5 Ways to Release Your Anger and Embrace Forgiveness

Young adult with long hair sits in tall grass, looking out into distance, holding a bunch of brightly colored balloonsWe all experience love in one form or another. We all experience hurt and pain. It’s part of the human condition.

Likewise, people can be insensitive sometimes. They say or do things either intentionally or unintentionally that hurt others. At times, a careless action or critical remark can really hurt us, especially if we attach too much importance or meaning to it. The more closely connected we are to the person, the deeper the pain.

An infraction that is relatively minor or insignificant to one person may be devastatingly painful to another. For some, resentments are difficult to release. The tighter the hold, the harder it may be to let go.

When ruminated about over a period of time, a resentment can transform into a grudge. If these negative feelings are left unresolved within ourselves, they can lead to unhappiness, bitterness, and permanent unforgiveness.
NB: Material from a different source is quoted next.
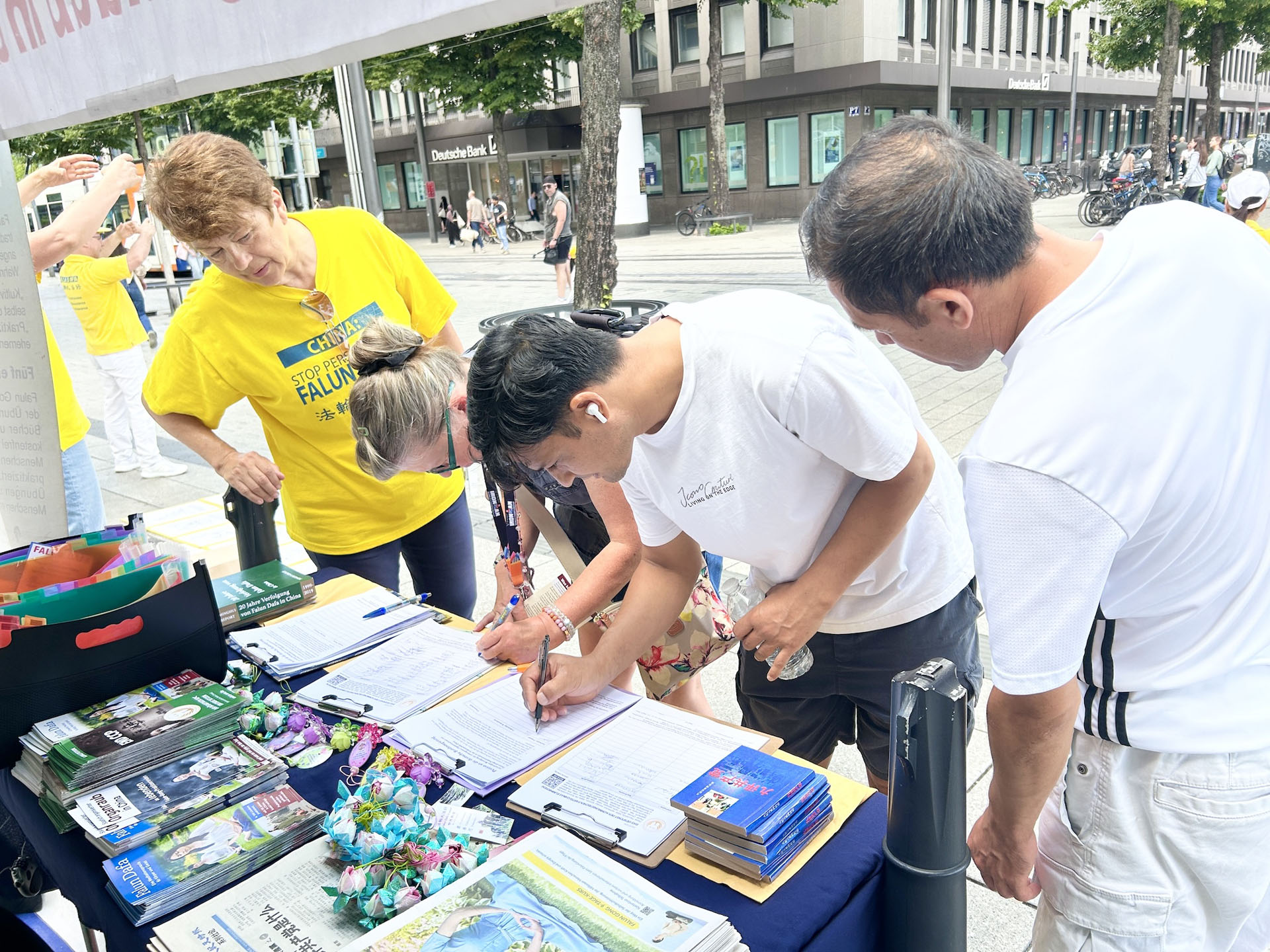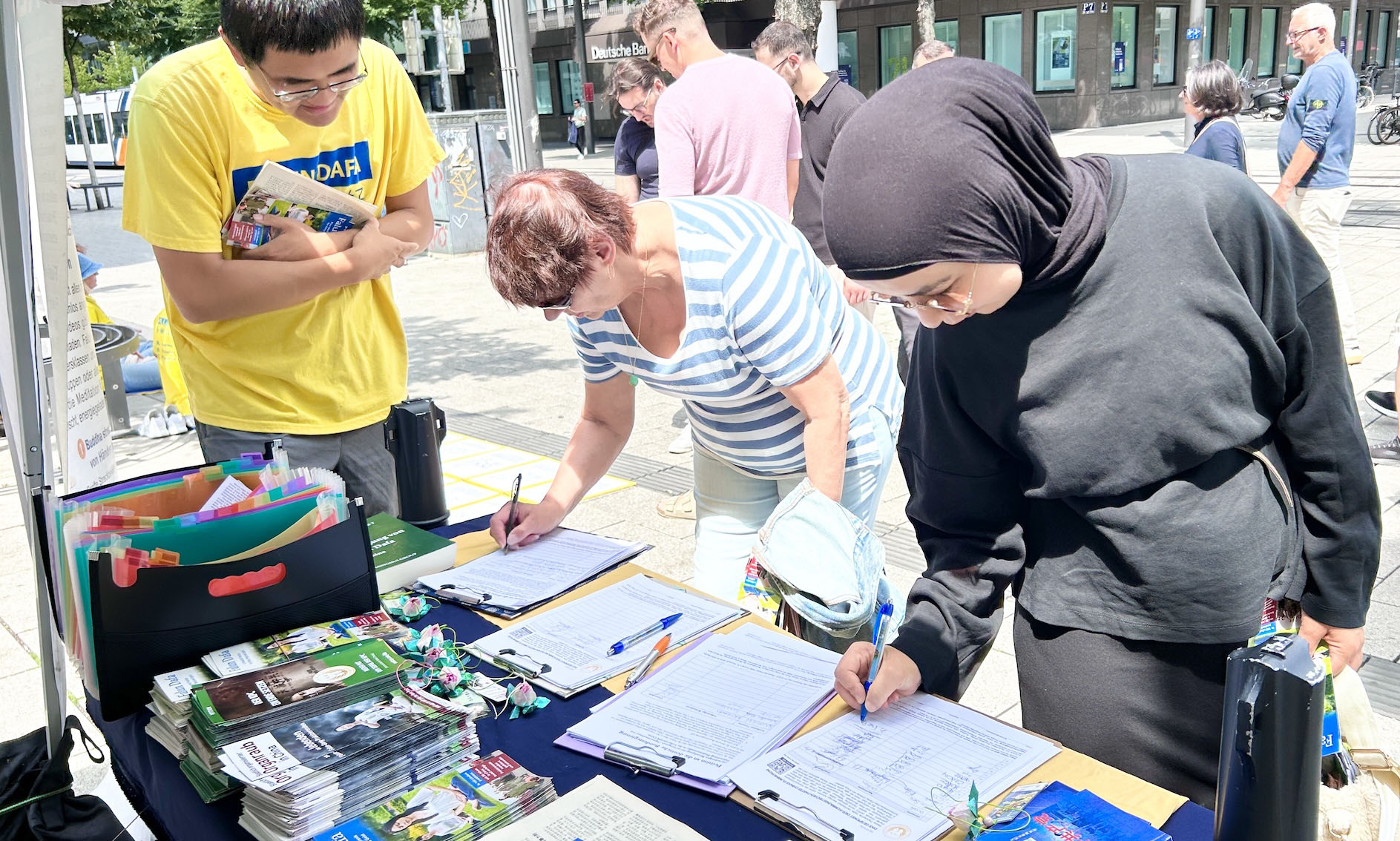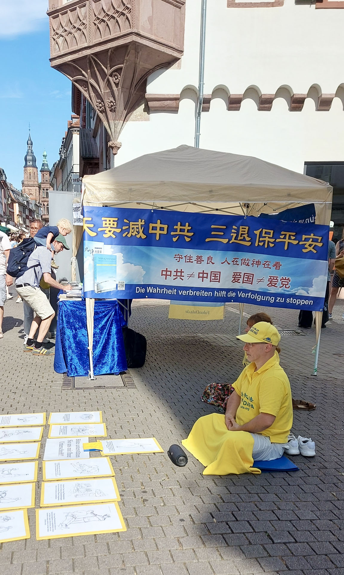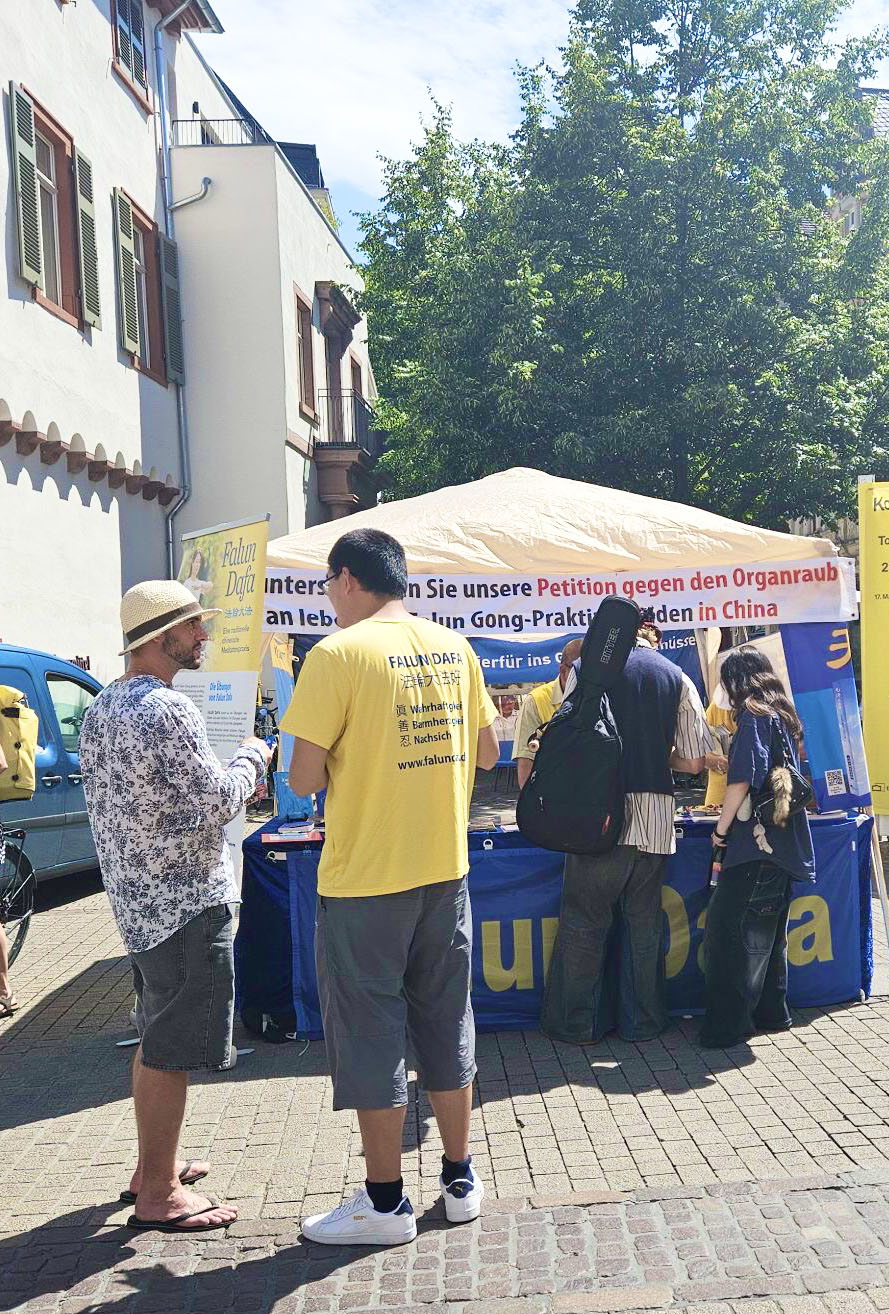 【明慧网二零二五年七月三十一日】二零二五年七月五日、二十六日两个周六,德国莱茵-内卡地区法轮功学员分别在海德堡(Heidelberg)和曼海姆(Mannheim)市中心步行街举办反迫害、弘法活动。学员们向人们讲述中共自一九九九年“七·二零”以来对法轮功信仰团体持续至今已有二十六年的迫害真相以及活摘法轮功学员器官的罪恶。

Research has shown that prolonged anger can have devastating effects on our health and longevity.

Although we may feel justified in our anger, what can we do to stop feeling the pain and upset feelings that the hurt has caused? Not every infraction requires forgiveness. However, if the hurt is personal, profoundly deep, and seems unjust, the following ideas may help you begin to release your anger and bring back a sense of peace and joy.
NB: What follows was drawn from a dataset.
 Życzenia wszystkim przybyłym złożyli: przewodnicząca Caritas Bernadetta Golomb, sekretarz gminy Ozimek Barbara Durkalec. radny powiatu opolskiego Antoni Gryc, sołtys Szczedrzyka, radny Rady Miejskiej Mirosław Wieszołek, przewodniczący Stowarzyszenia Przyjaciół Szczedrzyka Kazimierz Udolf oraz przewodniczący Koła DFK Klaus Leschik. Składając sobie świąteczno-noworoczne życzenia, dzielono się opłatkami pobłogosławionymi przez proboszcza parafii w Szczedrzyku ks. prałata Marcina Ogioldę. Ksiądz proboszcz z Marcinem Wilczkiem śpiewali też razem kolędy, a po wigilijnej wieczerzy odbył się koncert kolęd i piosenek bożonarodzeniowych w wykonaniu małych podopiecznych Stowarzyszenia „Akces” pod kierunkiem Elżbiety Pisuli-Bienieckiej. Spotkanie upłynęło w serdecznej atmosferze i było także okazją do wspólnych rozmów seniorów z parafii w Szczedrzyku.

1. Decide to Forgive Yourself

Remind yourself that you are doing the best you can at any given moment. Try not to replay the “what-ifs.” Validate your feelings by acknowledging your anger and pain. Anger is a helpful emotion that signals to us that something is wrong and needs to be corrected.

When you are ready, make a conscious choice to release the anger and hurt and let go of the past. Be kind to yourself and set yourself free from hurt. Being able to forgive solves many problems.

2. Decide to Forgive Others

Everyone is imperfect and flawed. Everyone makes mistakes every day. Everyone is doing the best they can given their personal life history and the impact that history has had on them.

Make a conscious decision to let go of offensive words and behavior. Decide to not let what others do or say have power over you. Stand firm in your truth.

3. Redirect Your Thoughts

What we believe may become true for us. Thoughts are powerful, either positive or negative. Dwelling on past hurts only serves to reinjure ourselves.

Challenge your negative thoughts and reframe them in a positive and more balanced way. Bitterness can cloud your vision and alter your perspective. Be truthful to yourself and allow yourself to be aware of how you may have hurt others in similar ways.

4. Change Your Perspective

Allow yourself to see things from a more positive perspective. Try being able to see the person or situation in a new light. Look for things that the person is doing right rather than emphasizing their flaws.

5. Live in the Present

Realize that the past is in the past. You only have the present moment to live in. Focus on what is going well right now, and try not to allow negative thoughts about the past to creep into your consciousness.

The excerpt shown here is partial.